Assignment – Retype each line of the material exactly, please, skipping any picture in it.

Dataset content –
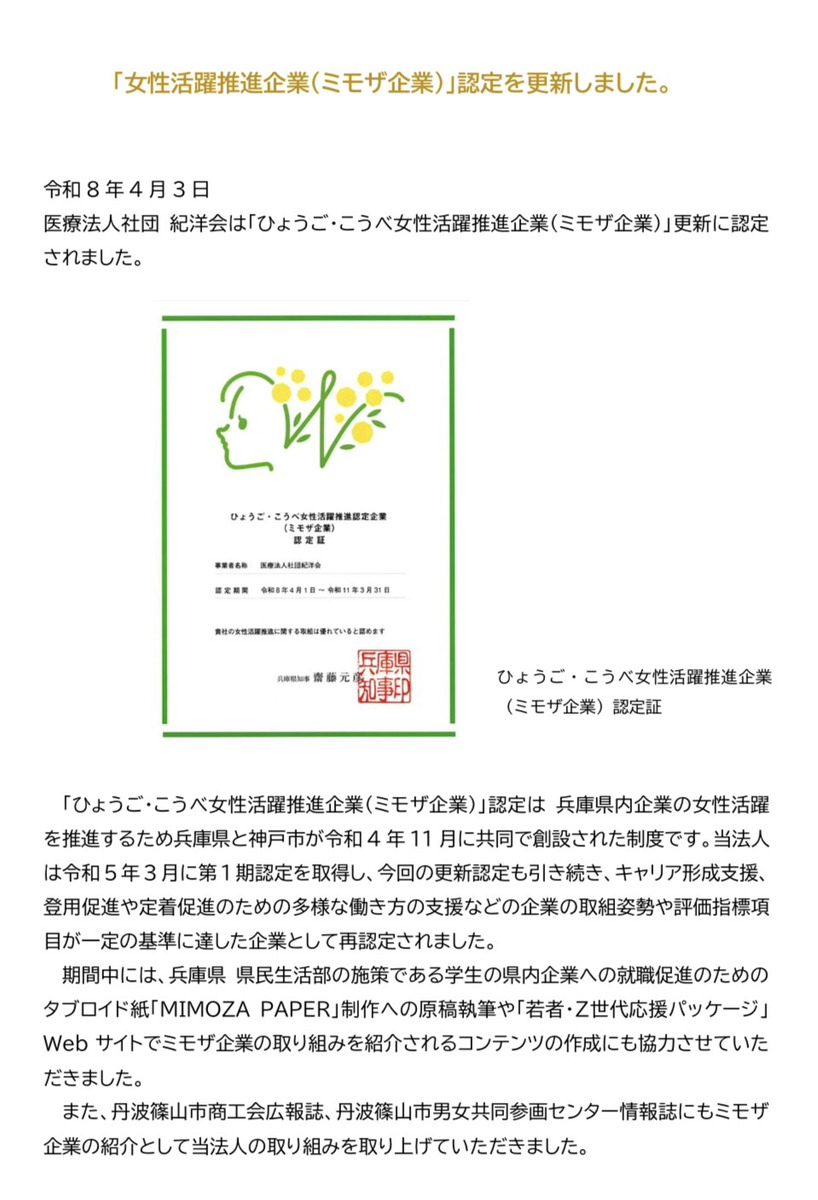 • 「ひょうご・こうべ女性活躍推進企業(ミモザ企業)」に認定されました。
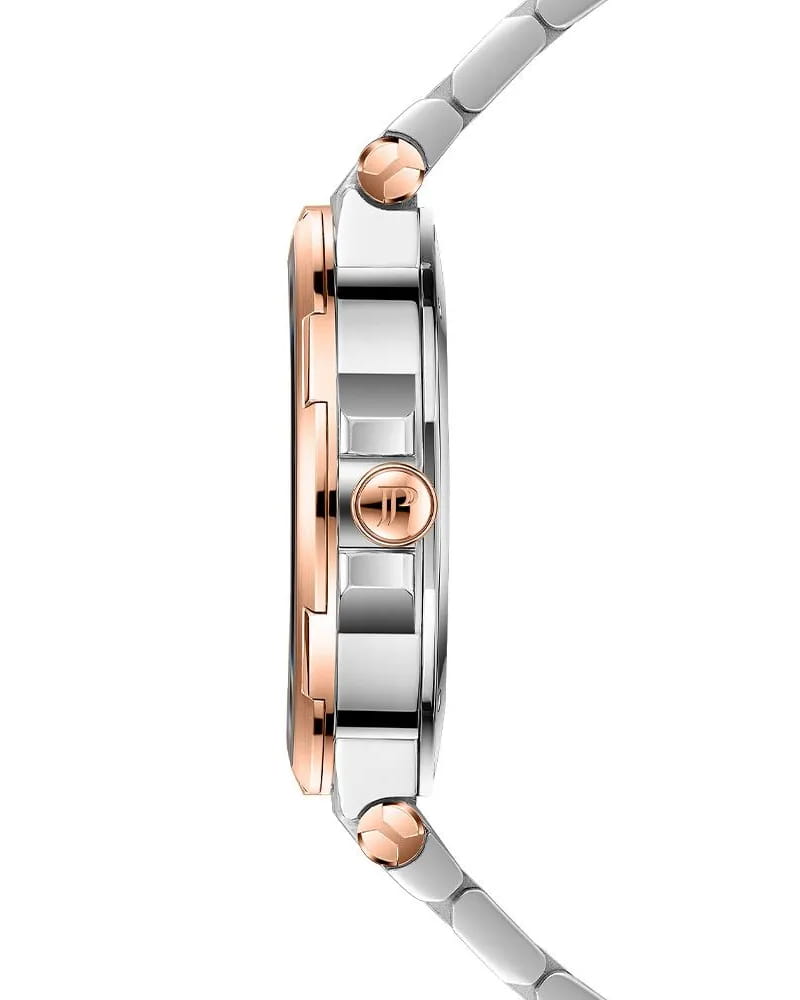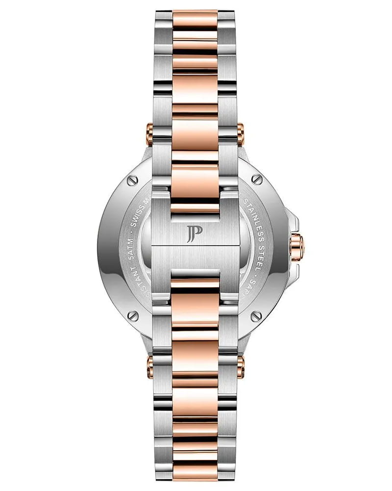 Часы Jacques Philippe JPQLS457328S из коллекции Novellus — элегантные женские часы, сочетающие швейцарское качество и современный дизайн. Корпус диаметром 36 мм выполнен из нержавеющей стали. БезельБезельВнешний ободок, закрепляющий стекло. В спортивных часах так называется поворотное кольцо с делениями на циферблате, выполняет роль таймера – замеряет отрезки времени на шкале. Неподвижный безель – элемент декора. Однонаправленно вращающийся безель на дайверских часах позволяет фиксировать моменты погружения и выныривания на поверхность. с PVD-покрытиемPVDУльтратонкое покрытие наносится в технике вакуумного напыления, сочетает в себе нитрид титана особой прочности со слоем золота или оксида хрома. Несёт в себе декоративную или защитную функцию. цвета розового золота, а серебристый циферблат защищён сапфировым стекломСапфировое стеклоПрочный и надёжный материал из кристалла сапфира синтетического происхождения, характеризующийся особой твёрдостью и устойчивостью к царапинам и повреждениям.. Внутри установлен швейцарский кварцевый механизм, обеспечивающий высокую точность хода. Водозащита 50 метров (5 ATM) защищает часы от брызг и дождя. Браслет из нержавеющей стали с PVD-покрытиемPVDУльтратонкое покрытие наносится в технике вакуумного напыления, сочетает в себе нитрид титана особой прочности со слоем золота или оксида хрома. Несёт в себе декоративную или защитную функцию. цвета розового золота и застёжкой бабочкаЗастёжка "бабочка"Такой вид застёжки дополняется предохранителями, помогающими избежать случайного раскрытия браслета. Обладают изящным исполнением. обеспечивает комфортное ношение и надёжную фиксацию на запястье. Эти часы идеально подойдут для тех, кто ценит сочетание элегантного дизайна и функциональности.
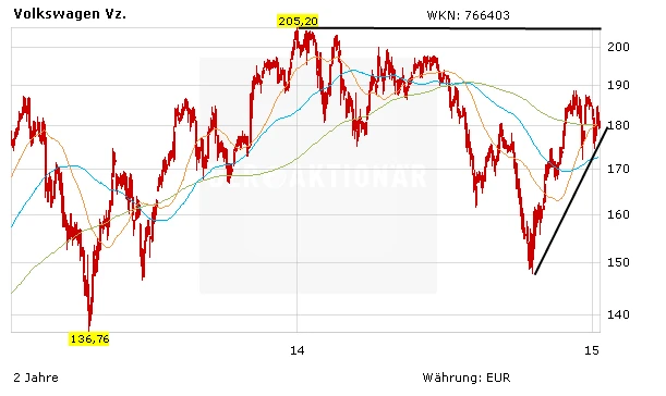 Fakt ist: Der Autoabsatz boomt. Die Weichen für eine hervorragende Zukunft des VW-Konzerns sind gestellt. Lange Zeit war im Autosektor die Daimler-Aktie der Favorit von DER AKTIONÄR. Jetzt sollten Anleger einen Fuß bei Volkswagen in die Tür stellen. Wichtig wäre ein Ausbruch über das alte Hoch bei 205 Euro. Das würde ein neues Kaufsignal bedeuten. Die VW-Aktie könnte in den nächsten Monaten eine ähnliche Aufholjagd wie Daimler in der Vergangenheit starten.
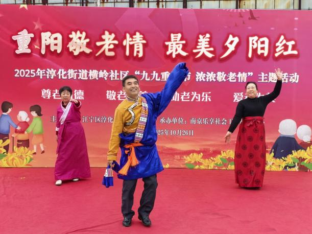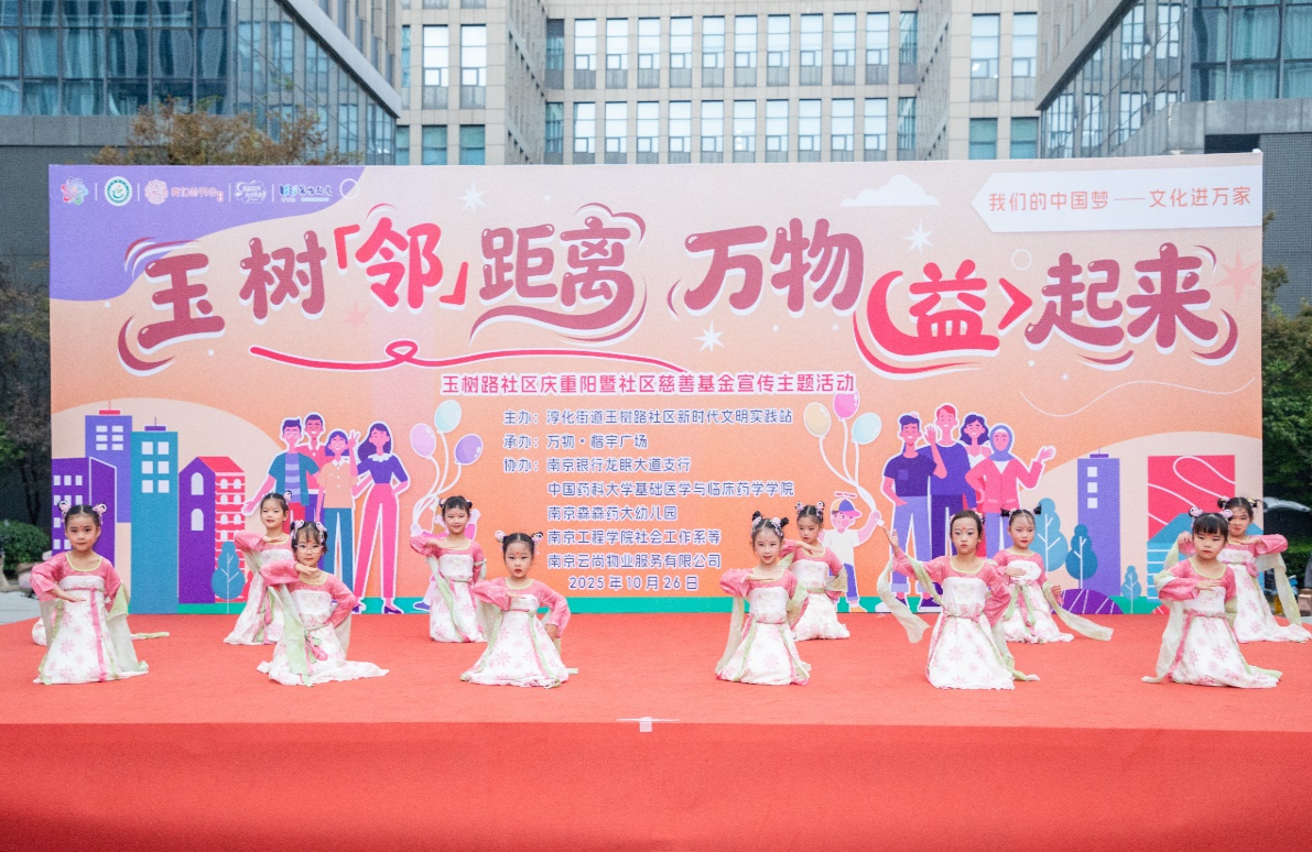 淳化街道玉树路社区新时代文明实践站开展“玉树‘邻’距离,万物‘益’起来——重阳暨社区慈善基金宣传主题活动”。活动以文艺汇演、慈善宣传、节俗体验、公益服务等形式,融合敬老温情、慈善传承与邻里共融,打造了一场社区重阳盛会,吸引数百名居民参与。在“重阳大舞台”环节,朗诵、儿童表演、退役军人演唱等节目轮番上演。现场的“重阳游园会”,设置了留言板、慈善知识互动、非遗手作等特色区域。此外,中国药科大学的“金秋防慢病”服务站、南京银行的“老人防诈公益小铺”体现了社区多元公益服务力量对居民的暖心关怀。

Task result –
 • 「ひょうご・こうべ女性活躍推進企業(ミモザ企業)」に認定されました。
 Часы Jacques Philippe JPQLS457328S из коллекции Novellus — элегантные женские часы, сочетающие швейцарское качество и современный дизайн. Корпус диаметром 36 мм выполнен из нержавеющей стали. БезельБезельВнешний ободок, закрепляющий стекло. В спортивных часах так называется поворотное кольцо с делениями на циферблате, выполняет роль таймера – замеряет отрезки времени на шкале. Неподвижный безель – элемент декора. Однонаправленно вращающийся безель на дайверских часах позволяет фиксировать моменты погружения и выныривания на поверхность. с PVD-покрытиемPVDУльтратонкое покрытие наносится в технике вакуумного напыления, сочетает в себе нитрид титана особой прочности со слоем золота или оксида хрома. Несёт в себе декоративную или защитную функцию. цвета розового золота, а серебристый циферблат защищён сапфировым стекломСапфировое стеклоПрочный и надёжный материал из кристалла сапфира синтетического происхождения, характеризующийся особой твёрдостью и устойчивостью к царапинам и повреждениям.. Внутри установлен швейцарский кварцевый механизм, обеспечивающий высокую точность хода. Водозащита 50 метров (5 ATM) защищает часы от брызг и дождя. Браслет из нержавеющей стали с PVD-покрытиемPVDУльтратонкое покрытие наносится в технике вакуумного напыления, сочетает в себе нитрид титана особой прочности со слоем золота или оксида хрома. Несёт в себе декоративную или защитную функцию. цвета розового золота и застёжкой бабочкаЗастёжка "бабочка"Такой вид застёжки дополняется предохранителями, помогающими избежать случайного раскрытия браслета. Обладают изящным исполнением. обеспечивает комфортное ношение и надёжную фиксацию на запястье. Эти часы идеально подойдут для тех, кто ценит сочетание элегантного дизайна и функциональности.
 Fakt ist: Der Autoabsatz boomt. Die Weichen für eine hervorragende Zukunft des VW-Konzerns sind gestellt. Lange Zeit war im Autosektor die Daimler-Aktie der Favorit von DER AKTIONÄR. Jetzt sollten Anleger einen Fuß bei Volkswagen in die Tür stellen. Wichtig wäre ein Ausbruch über das alte Hoch bei 205 Euro. Das würde ein neues Kaufsignal bedeuten. Die VW-Aktie könnte in den nächsten Monaten eine ähnliche Aufholjagd wie Daimler in der Vergangenheit starten.
 淳化街道玉树路社区新时代文明实践站开展“玉树‘邻’距离,万物‘益’起来——重阳暨社区慈善基金宣传主题活动”。活动以文艺汇演、慈善宣传、节俗体验、公益服务等形式,融合敬老温情、慈善传承与邻里共融,打造了一场社区重阳盛会,吸引数百名居民参与。在“重阳大舞台”环节,朗诵、儿童表演、退役军人演唱等节目轮番上演。现场的“重阳游园会”,设置了留言板、慈善知识互动、非遗手作等特色区域。此外,中国药科大学的“金秋防慢病”服务站、南京银行的“老人防诈公益小铺”体现了社区多元公益服务力量对居民的暖心关怀。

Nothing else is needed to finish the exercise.